And Fail.

So I played Ultima IV two days in a row, died three times in the first five minutes the first day, then finally found my way to two other towns in the game.  I’m afraid I just haven’t got the focus to maintain the game play.

 

Also fail, my therapist spends so much time fulfilling his talking agenda I don’t even get an opening to talk about the things I should be talking about and which my psychologist/psychiatrist (whichever one it is that does the prescribing) says I should be addressing.  He hasn’t heard a word about my aggressive behaviors, my violent tendencies, my risky sexual behavior, all of which are only not current issues mainly because I live in virtual isolation.  I didn’t even get a word out about my most recent attempted suicide because he had a printout of Counting Your Blessings he wanted to read off and then hand to me.  These sessions are supposed to last at least 50 minutes, right?  He got me in and out in about 25, if the clocks are not wrong.  The psychiatric doctor rediagnosed me from cyclothymic to Affective Disorder with Combined whatchamacallits, both Depression and Anxiety.  I’ll be looking that up shortly to see what the actual difference is in the diagnosis.

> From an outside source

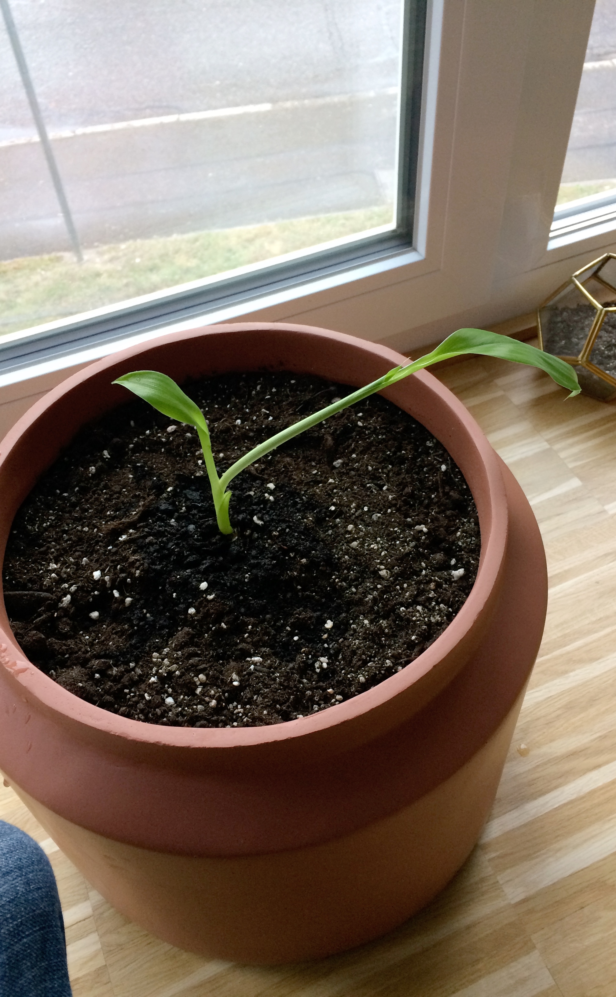 Der eine Keimling wuchs recht schnell, so dass er vor ca 1 Woche nicht mehr ins Gewächshaus passte. Ich habe ihn dann in einen Topf gesetzt und er wuchs schnell weiter. Ich schätze ca 1 cm/Tag.
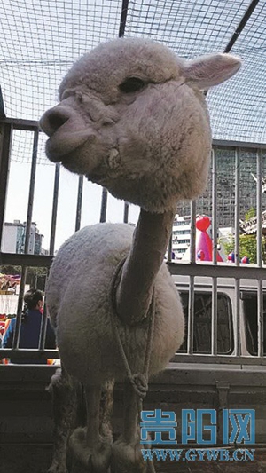 昨日,在凱里萬博廣場(chǎng),某企業(yè)做商演活動(dòng)時(shí)請(qǐng)來一只被稱為網(wǎng)絡(luò)“神獸”的羊駝到場(chǎng)助陣。羊駝的出現(xiàn),的確“萌”翻了眾多市民,市民圍觀之時(shí)紛紛拿出手機(jī)拍攝。約90%以上羊駝生活在南美洲的秘魯及智利的高原上,其余分布于澳洲。羊駝性情溫馴,伶俐而通人性,適于圈養(yǎng),以吃草為主。(吳如雄)

An Experiment in Time Travel?

So, last night I had my daughter obtain for me a copy of Ultima4, which was released a full year before she was born.  Clearly I hadn’t the equipment at my disposal back then to play computer games at all, but after reading Felicia Day’s memoir, “You’re Never Weird On The Internet (Almost)”, I found myself craving the experience so many of my peers went through.  So I believe I shall keep a log of my gaming experiment here.  Later today I will go through the creation of my first Ultima character.  If screen grabs are a thing in it, I may pull some and share them, too.

Are You Kidding Me?

Well, this morning I was scheduled to visit with an oral surgeon, because there’s a lump in my jaw and there’s pain when I open my mouth too wide, like if I try to yawn, it hurts.  So, I had to go without food all morning, and being diabetic, I had to keep a close eye on my blood sugar.  By the time the appointment came, it was at 79.  Before the end of the appointment it was down to 66.

The good news is, I don’t have to get surgery.  He found nothing abnormal i my x-rays or physical exam, so not even a biopsy.  But what he did finally diagnose me with?  Arthritis in my jaw.  When did that become a thing?  He gave me a pamphlet about TMJ — oh, so that’s what TMJ is then, arthritis of the mouth?  Crap.

Am I Really Doing This Again?

So I’ve had lame attempts at establishing web based journals, and I haven’t done much better with them than I have with tangible notebook style diaries, but here I go, making another stab at it.  Stab, whee.

That picture in the header is my Princess Winnifred when she was a baby, apparently offering herself up as a sacrifice to The Great Allmommy, also knows as NeNe. That was on 2011, and since then, Winnie has grown to appoint herself as my personal service dog.  She pokes at me when she thinks it’s time for me to check my blood sugars and take my meds.  She even fusses at me if I don’t get up and go to the bathroom as soon as I need to.  Winnie, and all of her family, a total of seven brothers and sisters as well as both parents, are Chiweenies, a mix of Miniature Dachshunds and Chihuahua. Personally I like the name Dachshuahua, but I was not consulted on this.